# Task objective
Return the whole listing, line for line, without the pictures in it.

# Given data

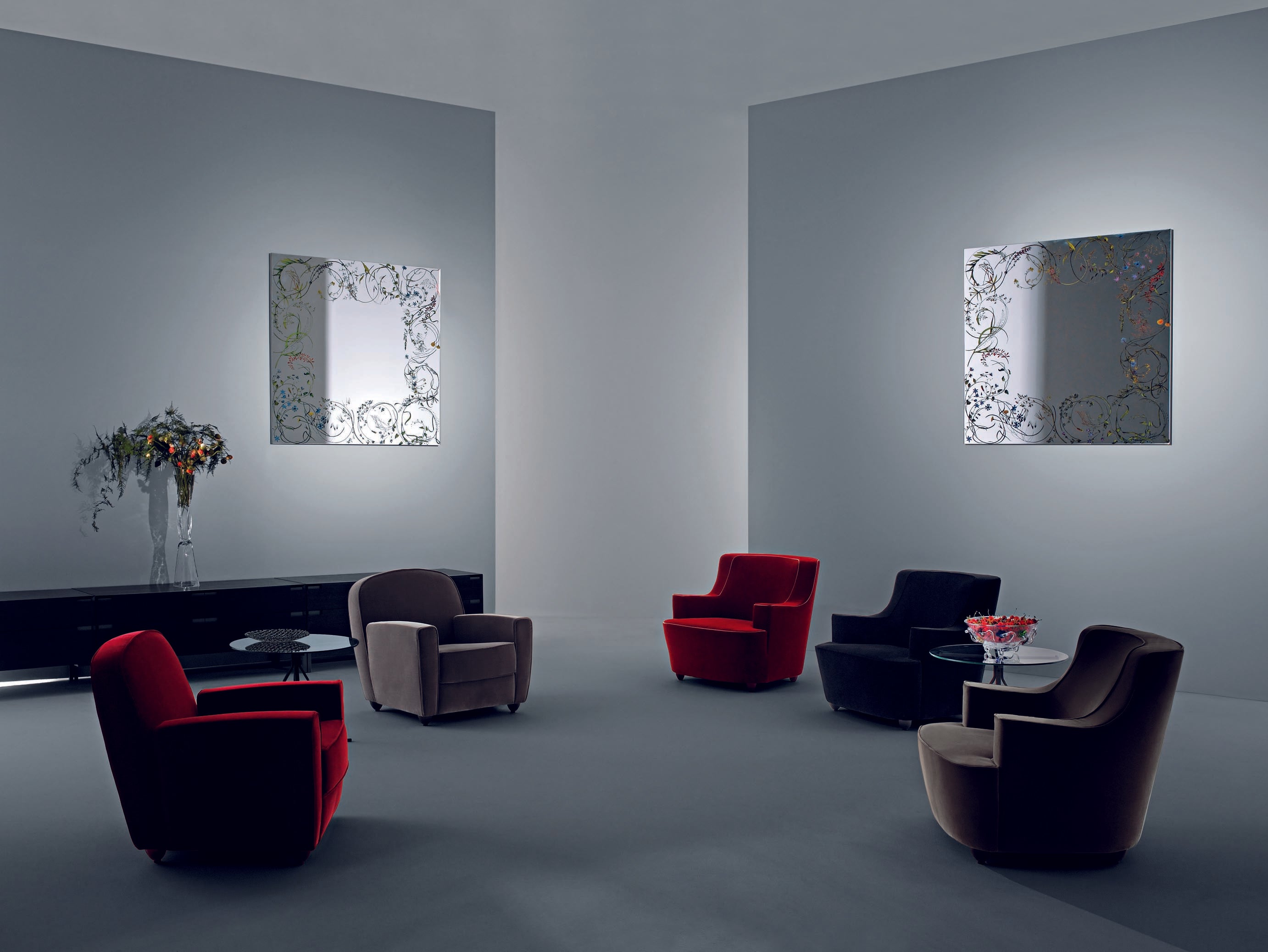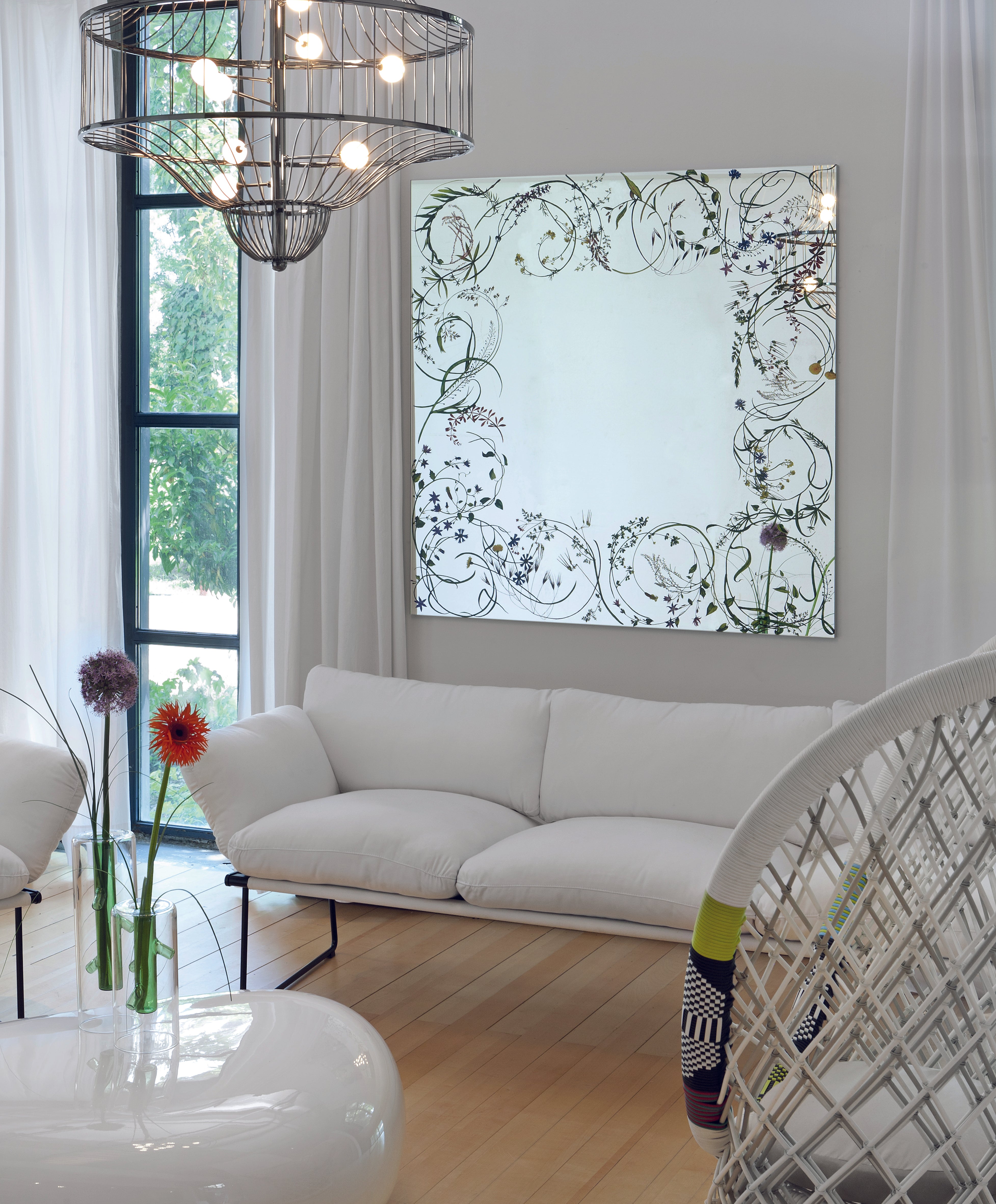 Zrcadlo Egeso je jedinečný dekorativní prvek, který spojuje užitnou funkci s jemným uměleckým výrazem. Navržené Vittoriem Locatellim, přitahuje pozornost delikátním potiskem zobrazujícím motiv divokých bylin, který dodává celku lehkost a poetické kouzlo.
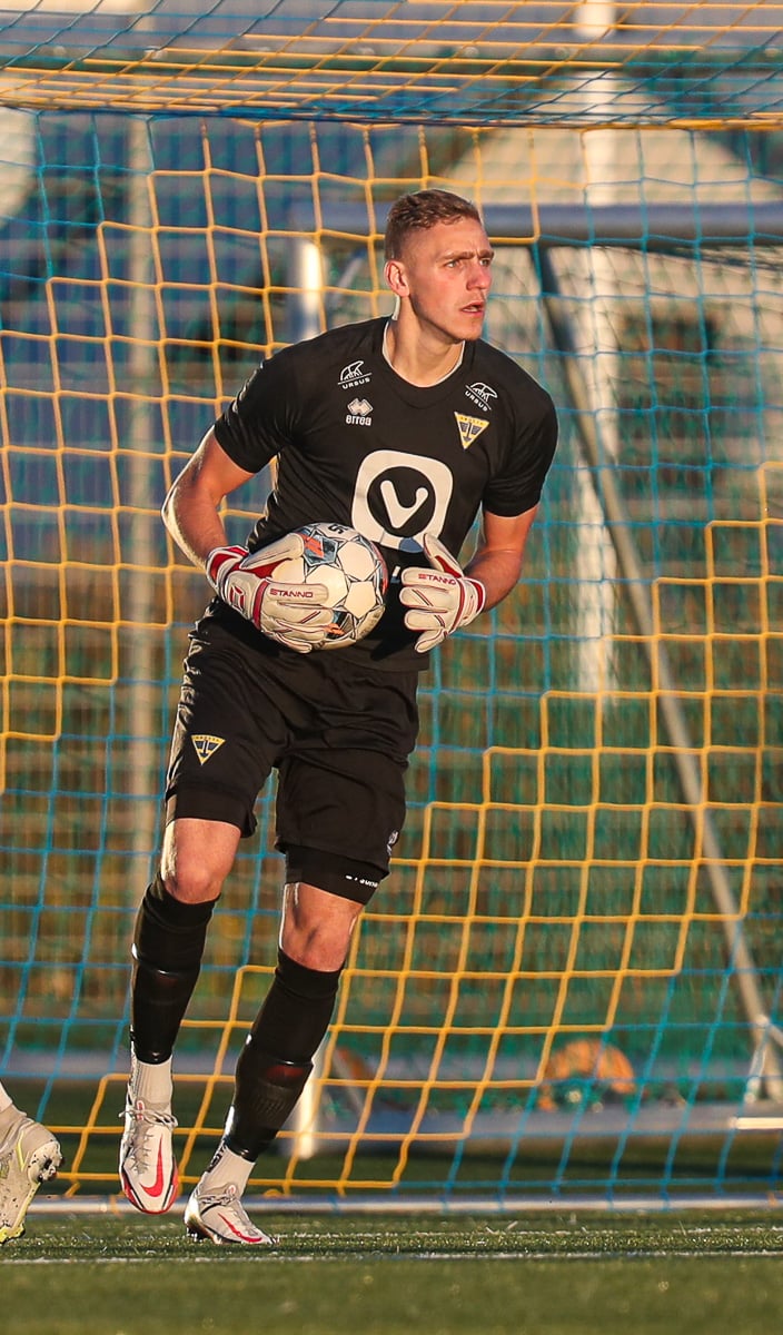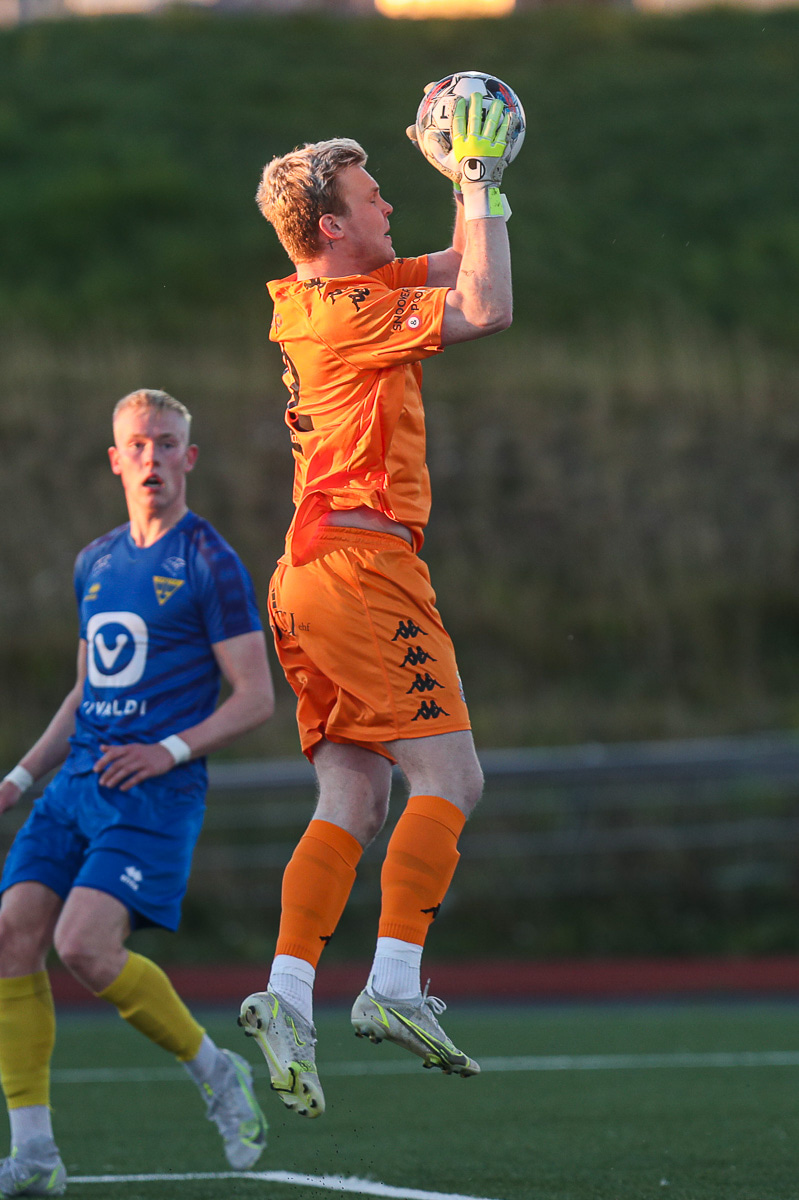 Oliver með spyrnu inn í teiginn sem Daði Freyr grípur í loftinu.
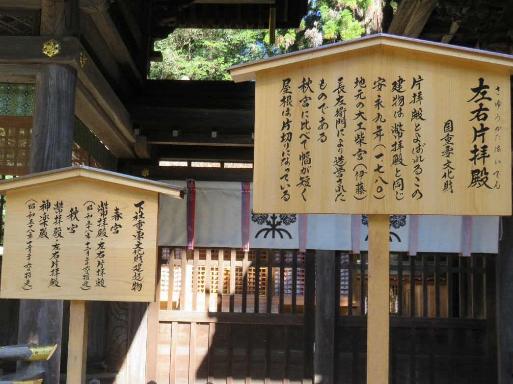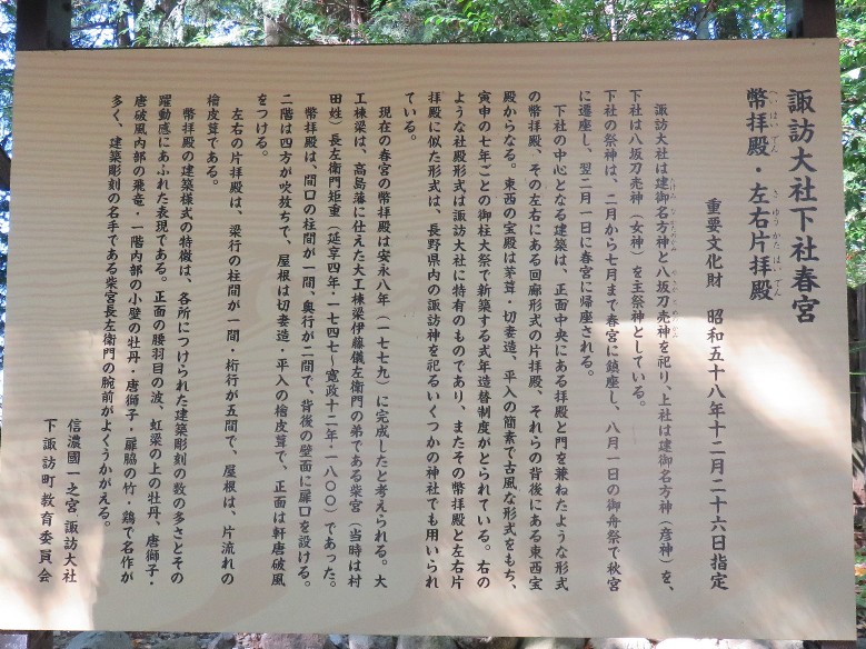 諏訪大社下社春宮の左右の片拝殿の説明(2019/10/9) |

# Answer space
 Zrcadlo Egeso je jedinečný dekorativní prvek, který spojuje užitnou funkci s jemným uměleckým výrazem. Navržené Vittoriem Locatellim, přitahuje pozornost delikátním potiskem zobrazujícím motiv divokých bylin, který dodává celku lehkost a poetické kouzlo.
 Oliver með spyrnu inn í teiginn sem Daði Freyr grípur í loftinu.
 諏訪大社下社春宮の左右の片拝殿の説明(2019/10/9) |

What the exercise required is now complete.